There are two future directions for research in this area. First, future research might focus on the impact of lifestyle, behavioral characteristics, and psychological properties on mental health among first-year students. Nomura et al. [15] suggested that smoking, drinking, and being a woman may be important risk factors for depressive symptoms, whereas exercise and having someone to consult about worries may be protective factors among Japanese university students during the COVID-19 stay-at-home order. Marashi et al. [25] find that mental health problems play a dual role—they act as barriers to physical activity while motivating physical activity during the COVID-19 pandemic. Among students with mental health problems due to COVID-19, students with high self-esteem showed lower levels of psychological distress, while students with high self-efficacy showed higher levels of psychological distress [14]. Tahara et al. [13] showed that loneliness could be the major reason for the decline in the mental health of students, and participation in leisure and new activities is a proactive strategy that supports good mental health during self-quarantine due to COVID-19. Feng, Zong, Yang, Gu, Dong, and Qiao [26] demonstrated that individuals with high altruism exhibited more negative affect than those with low altruism, which indirectly increased their anxiety and depressive symptoms. In addition to the above, factors such as residence form (family home, student dormitory, or living alone) and college enrollment process (going directly onto a university or after failing to enter a university) may also have an impact on the mental health of first-year students who have just enrolled in a university. The results of this study indicated that students in the education department had slightly lower levels of stress than students in other departments, which suggests that there may be differences in emotional perception by academic department.

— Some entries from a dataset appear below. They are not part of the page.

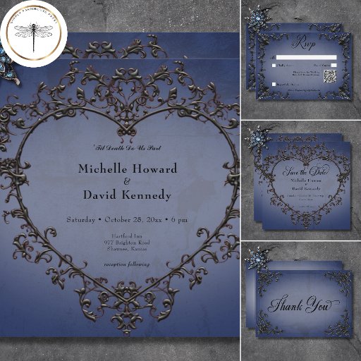 Gothic Black & Blue Filigree Heart WeddingDesignt von Kathe Santillo
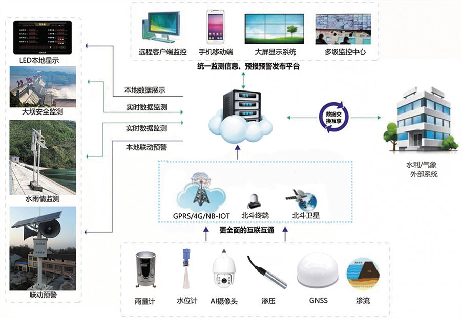 水库大坝除险加固安全监测系统方案主要由水库水位监测系统、水库水雨情监测系统、水库大坝安全监测系统、报警系统等组成。现场通过各传感器、测量仪表、摄像头等监测设备进行目标数据获取,通过水利遥测终端机数据采集、存储、上报、控制、显示;水库监测预警云平台数据接收、数据处理分析、数据监测、设备远程控制、命令下达、预警广播等,实现水库智能化全天候自动监控。
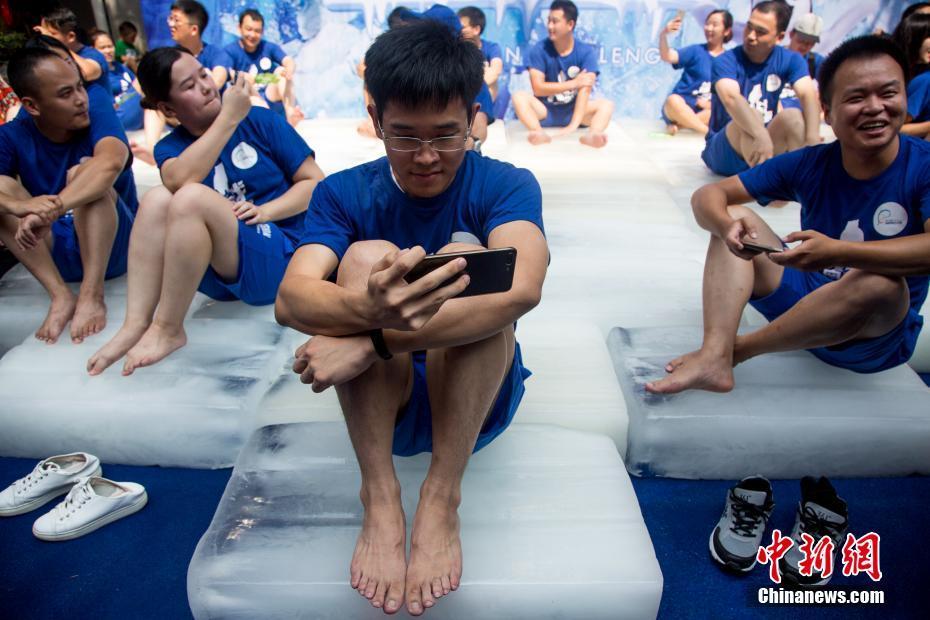 參賽選手們赤腳坐在“冰板凳”上,該環(huán)節(jié)還要接受淋冰水、吃冰棍及單腿站立的考驗。中新社記者 張暢 攝
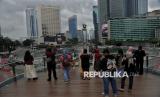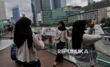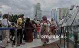 REPUBLIKA.CO.ID, JAKARTA -- Pengunjung berwisata di anjungan Halte Bundaran Hotel Indonesia, Jakarta, Rabu (25/12/2024).
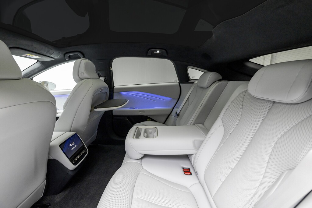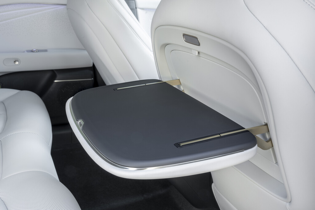 Dazu passt die Ausstattung. Schon die Basisversion fährt mit sehr kompletter Serienausstattung vor, darunter Sitzheizung, Sitzlüftung und Massage für Fahrer und Beifahrer, Panorama-Glasdach, umfangreiche Assistenzsysteme und ein Infotainmentsystem mit Sprachsteuerung. In den besser ausgestatteten Varianten dürfen sich sogar die Fondpassagiere über Sitzklimatisierung und Massage freuen, inklusive eines eigenen Displays zur Steuerung von Komfort- und Infotainmentfunktionen. Ein stabiler Klapptisch an der Rückseite des Beifahrersitzes unterstreicht, dass hier jemand sehr genau darüber nachgedacht hat, wie Menschen im Fond tatsächlich reisen.
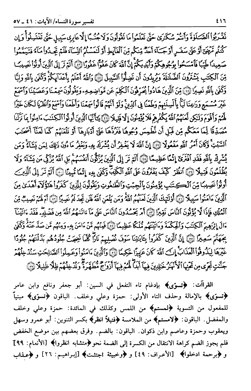 تُسَوَّى بإدغام تاء التفعل في السين: أبو جعفر ونافع وابن عامر تُسَوَّى بالإمالة وحذف التاء الأولى: حمزة وعلي وخلف. الباقون تُسَوَّى مبنيا للمفعول من التسوية لمستم من اللمس وكذلك في المائدة: حمزة وعلي وخلف والمفضل. الباقون: لامَسْتُمُ من الملامسة فَتِيلًا انْظُرْ بكسر التنوين: أبو عمرو وسهل ويعقوب وحمزة وعاصم وابن ذكوان. الباقون: بالضم. وفرق بعضهم بين موضع الخفض فلم يجوز الضم كراهة الانتقال من الكسرة إلى الضمة نحو مُتَشابِهٍ انْظُرُوا [الأنعام: 99] وبِرَحْمَةٍ ادْخُلُوا [الأعراف: 49] وخَبِيثَةٍ اجْتُثَّتْ [إبراهيم: 26] وعَذابٍ
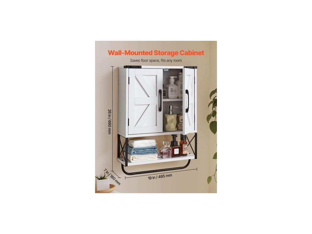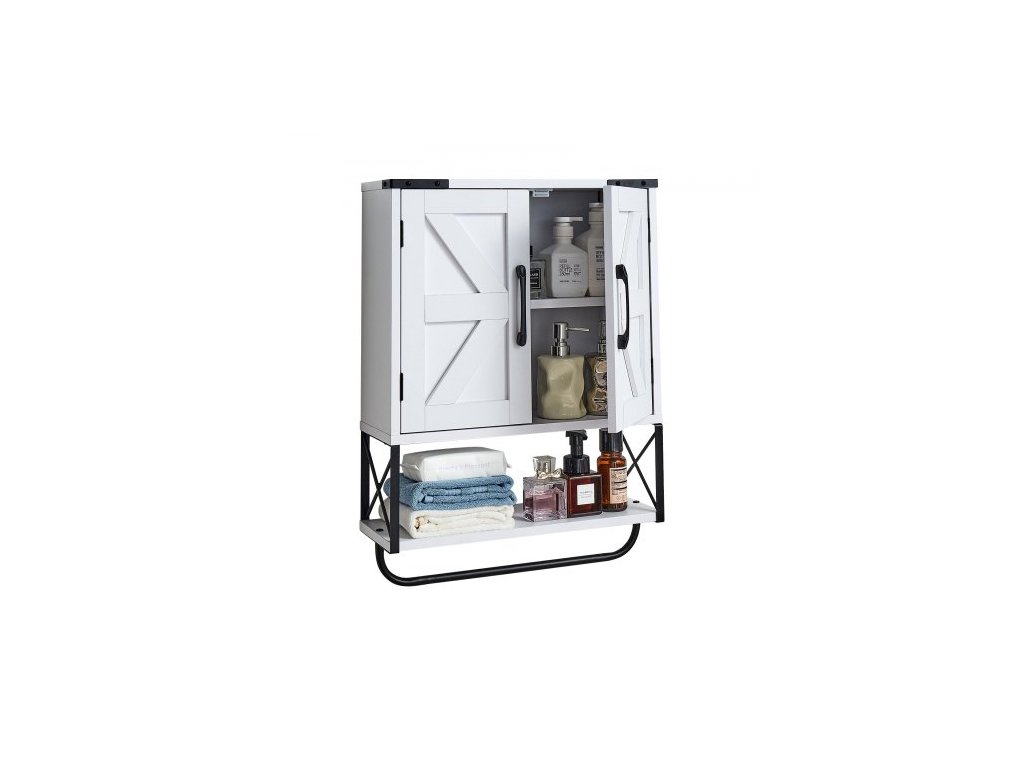 Nástěnná skříňka do koupelny, se 2 dveřmi a nastavitelnou policí, nad toaletu, úložná skříňka na lékárničky, nástěnná, závěsný organizér s otevřenou přepážkou a držákem na ručníky do prádelny, kuchyně, bílá
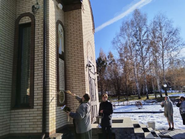 25 октября в храме-часовне святых Петра и Февронии Муромских п. Озёрный был совершён водосвятный молебен и чин освящения нахрамовых икон покровителей нашего брака. За богослужением молились церковный староста, прихожане и гости прихода.
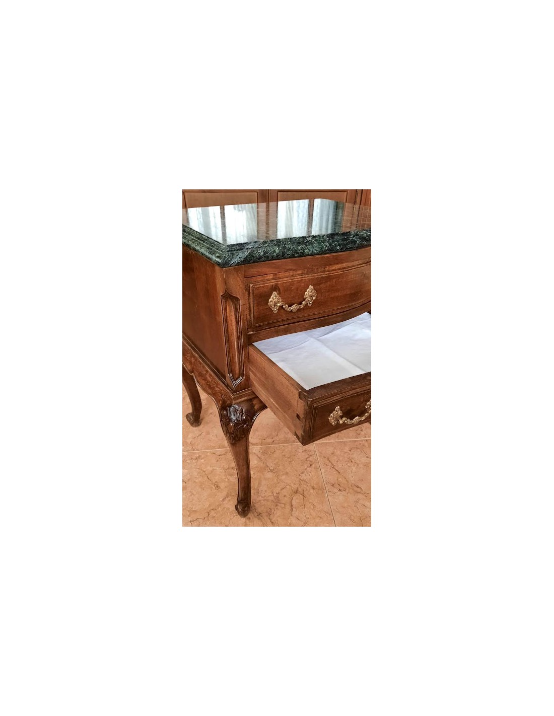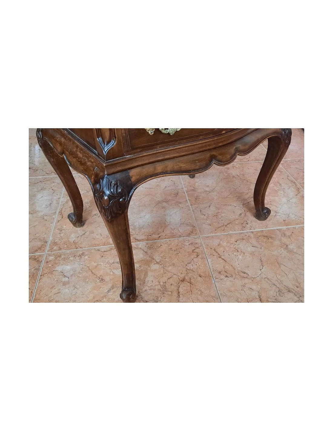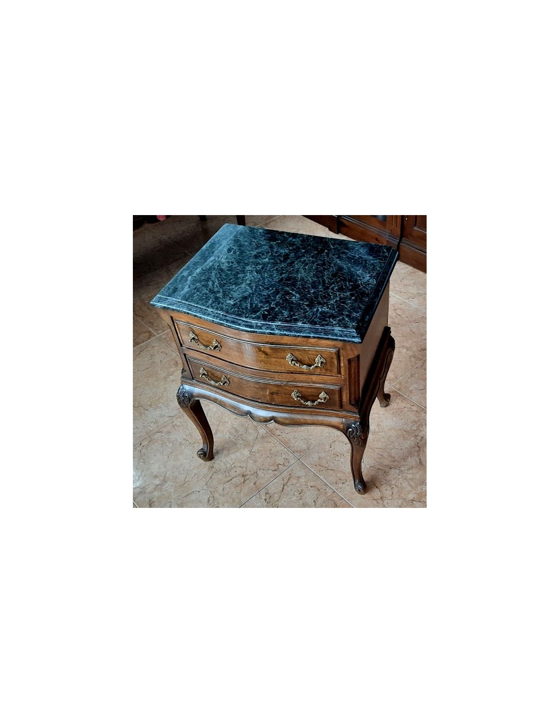 Madera de nogal. Dos cajones con tiradores de bronce, originales.

Second, the COVID-19 pandemic in Japan should be ending in the near future. Another interesting question is what the mental health of first-year students will be after the cessation of COVID-19.

Conclusion

The unique contribution of this study is that we compare data between three points in time to demonstrate the prolonged effect of COVID-19 on Japanese first-year university students’ mental health. The average score of mental health declined after the COVID-19 pandemic, and returned to the pre-pandemic level over the next two years. However, the number of students at high risk of mental health issues continued to increase, and universities should establish a system for early detection and support for such students.

Supporting information

Acknowledgments

We would like to thank Editage (www.editage.com) for English language editing.